SIE SUCCESSFULLY COMPLETES THE INSTALLATION OF THE GPU CLUSTER OF THE INSTITUTE OF COMPUTATIONAL CHEMISTRY AND CATALYSIS OF THE UNIVERSITY OF GIRONA, BAPTIZED AS GALATEA
Sistemas Informáticos Europeos, has successfully completed the installation of the GPU Cluster for the Institute of Computational Chemistry and Catalysis of the University of Girona.
This cluster was a great challenge for our company, since we needed to guarantee the redundancy of the management, monitoring and queue servers, to avoid a single point of failure. Therefore, we choose the Intel R1304WT2GSR platforms, which we trust for the reliability of its components, the redundancy of hot-swap power supplies and the speed of SSDs, to guarantee a reliable solution.

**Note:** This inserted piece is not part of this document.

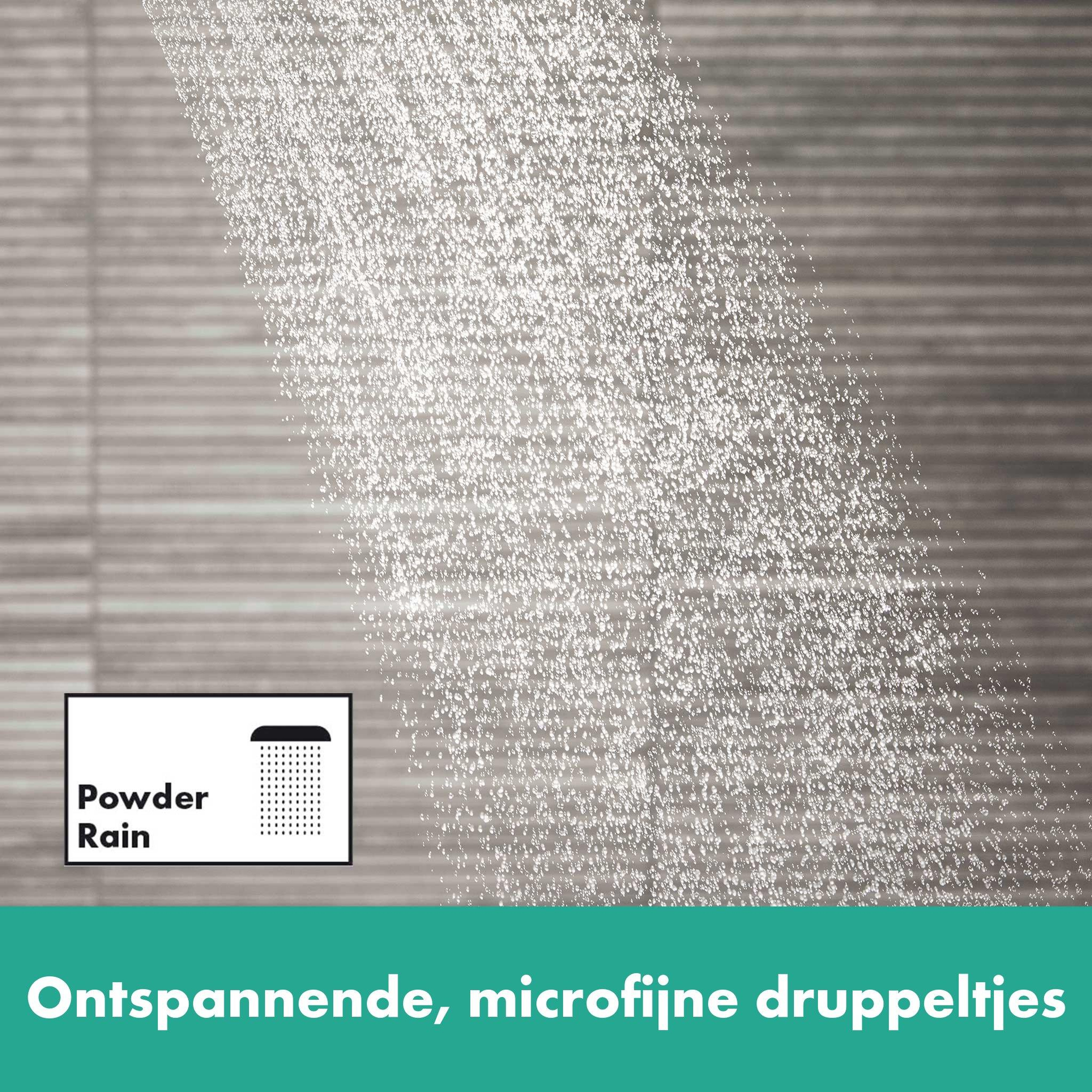 Avec le type de jet unique PowderRain, vous êtes enveloppé par des milliers de micro-gouttes d'eau qui offrent une expérience de douche douce et revigorante. Grâce à la technologie EcoSmart, la consommation d'eau est limitée à un maximum de 8 litres par minute sans compromettre la pression de l'eau. Cela rend la douchette non seulement agréable à utiliser, mais aussi écologique et économique. La forme ergonomique tient bien en main et la crépine rinçable empêche la saleté de pénétrer dans la pomme de douche, assurant un fonctionnement fiable et un entretien facile.

We asked David Ramírez, HPC Systems & Integrator Manager at SIE
What were the customer's needs?
Have clearly unified and dimensioned three types of networks for the high-performance computing environment (HPC). Dividing the control networks (management), storage and bmc (ipmi 2.0 remote control), the first two at Gigabit and IPMI at 100 Mb/s. It was also essential to choose reliable equipment, since it is an HPC cluster, with 2 redundant servers. Intel's own platforms were trusted for the main servers, which provide high availability (HA), with active-passive services on a Citrix Xen Server virtualization solution.
What alternatives were raised?
In the contest, Gigabit, 10G and Infiniband networks were proposed. However, for the Institute of Computational Chemistry of the UdG, the most important thing was to provide the system with an economical network, so that most of the budget went to providing GPU computing power. Thanks to this TPLINK solution, it has been possible to configure an HPC environment with a computing capacity of 1.584 Tflops in total and 72 Tflops per node, with a total of 2 Pflops if we count the Intel Xeon Broadwell E5-2620 V4 processors that it incorporates.
SIE leaves a common repository configured in BeeGFS, of more than 200 TB, where all the calculations are stored. This solution will allow the Institute of Computational Chemistry of the University of Girona to face new investigations.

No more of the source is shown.